## WORK TO COMPLETE
Copy out all of the lines below exactly; the pictures do not belong in the copy.
#### SUPPLIED MATERIAL
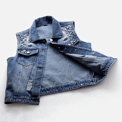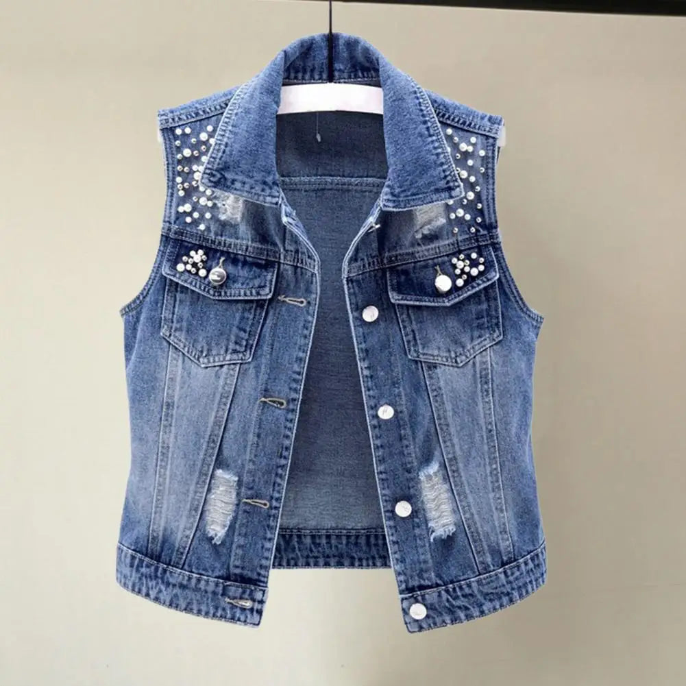 Women Coat Ladies Vest Vintage Denim Vest Bead Decor Single-breasted Hop Streetwear for Ladies Fall/spring Waistcoat with Solid
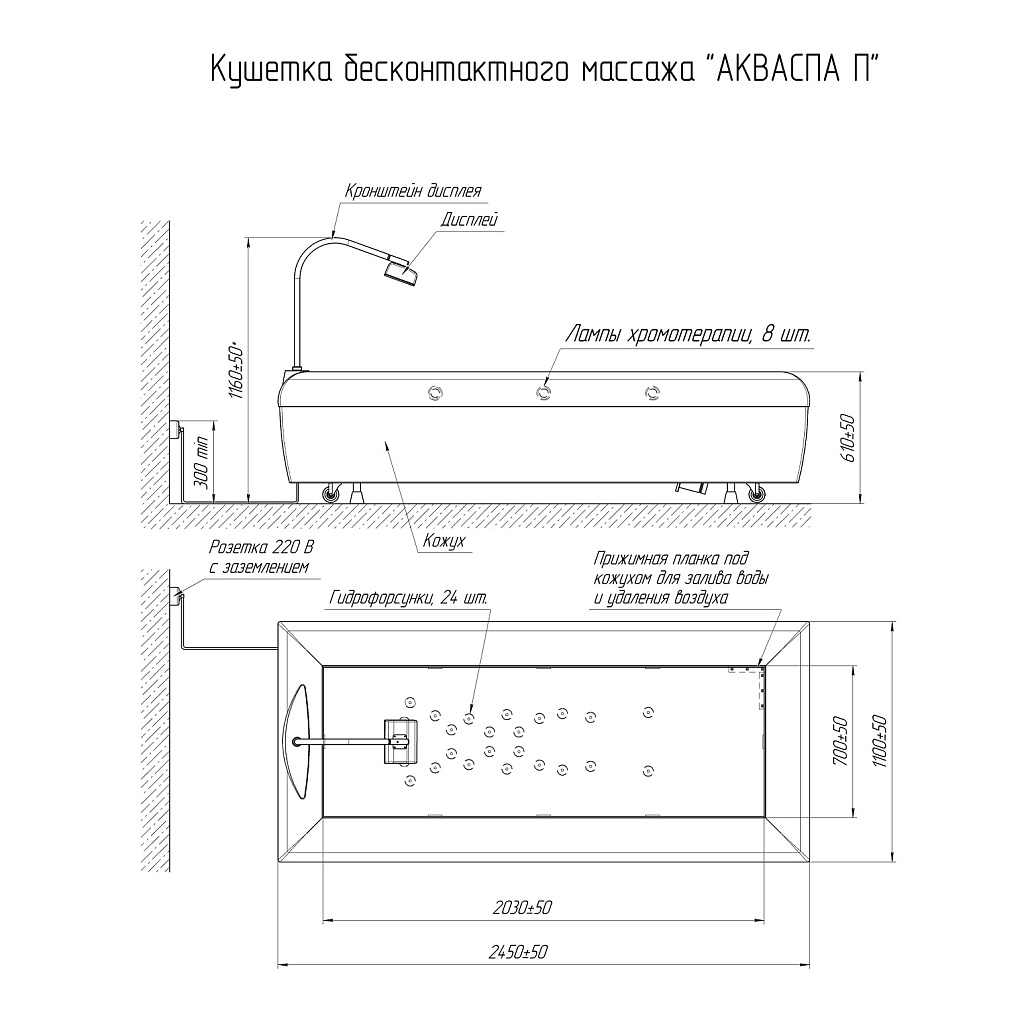 Евро - розетка мощностью до 3,5 КВт, 220 В, 16 А. Для ванны Акваспа необходимо заготовить 220-240 литров дистиллированной воды, залив единоразовый на срок до 1,5 -2х лет.
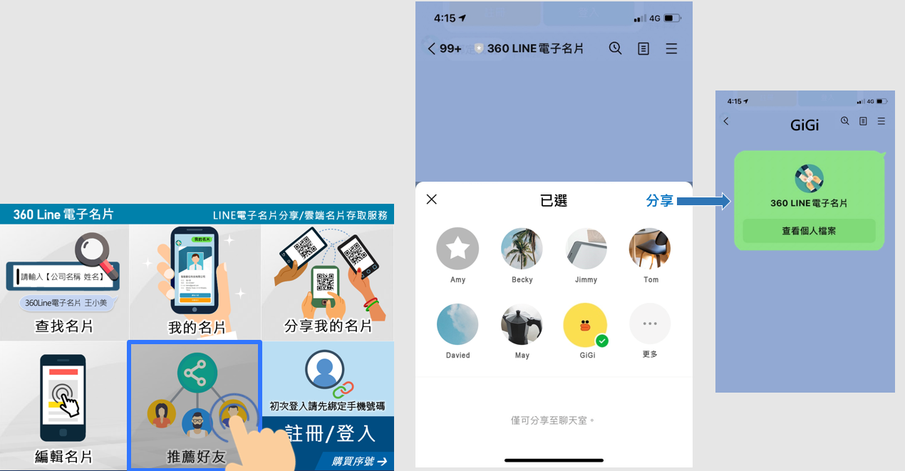 目錄 搜索 展開 360LINE電子名片一、購買流程1.購買序號2.至購物車結帳3.填寫帳單地址 (非必填)4.確認付款方式5.確認訂單6.訂單提交7.匯款完成,啟用序號二、開通、啟用序號流程1.搜尋ID : @360line 加入2.點選註冊/登入3.會員帳號設置三、啟用序號方法(一)方法(二)四、360LINE官方帳號使用說明1.查找名片2.我的名片3.分享我的名片4.編輯名片5.推薦好友6.會員資料 暫無相關搜索結果! 閱讀次數:732 本文檔使用 CLEARONE 發布 5.推薦好友 5.推薦好友分享「360Line電子名片」官方帳號給朋友。作者:Anne 创建时间:2022-06-20 14:39最后编辑:Anne 更新时间:2022-06-21 08:41
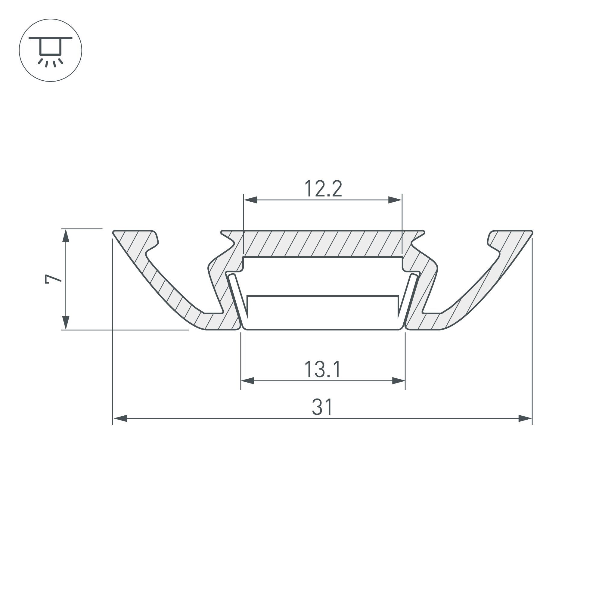 - Размеры: Длина - 2000 мм, ширина - 31 мм, высота - 7 мм, ширина площадки для ленты - 12.2 мм, ширина световой линии - 13 мм.
########
## ANSWER SPACE
 Women Coat Ladies Vest Vintage Denim Vest Bead Decor Single-breasted Hop Streetwear for Ladies Fall/spring Waistcoat with Solid
 Евро - розетка мощностью до 3,5 КВт, 220 В, 16 А. Для ванны Акваспа необходимо заготовить 220-240 литров дистиллированной воды, залив единоразовый на срок до 1,5 -2х лет.
 目錄 搜索 展開 360LINE電子名片一、購買流程1.購買序號2.至購物車結帳3.填寫帳單地址 (非必填)4.確認付款方式5.確認訂單6.訂單提交7.匯款完成,啟用序號二、開通、啟用序號流程1.搜尋ID : @360line 加入2.點選註冊/登入3.會員帳號設置三、啟用序號方法(一)方法(二)四、360LINE官方帳號使用說明1.查找名片2.我的名片3.分享我的名片4.編輯名片5.推薦好友6.會員資料 暫無相關搜索結果! 閱讀次數:732 本文檔使用 CLEARONE 發布 5.推薦好友 5.推薦好友分享「360Line電子名片」官方帳號給朋友。作者:Anne 创建时间:2022-06-20 14:39最后编辑:Anne 更新时间:2022-06-21 08:41
 - Размеры: Длина - 2000 мм, ширина - 31 мм, высота - 7 мм, ширина площадки для ленты - 12.2 мм, ширина световой линии - 13 мм.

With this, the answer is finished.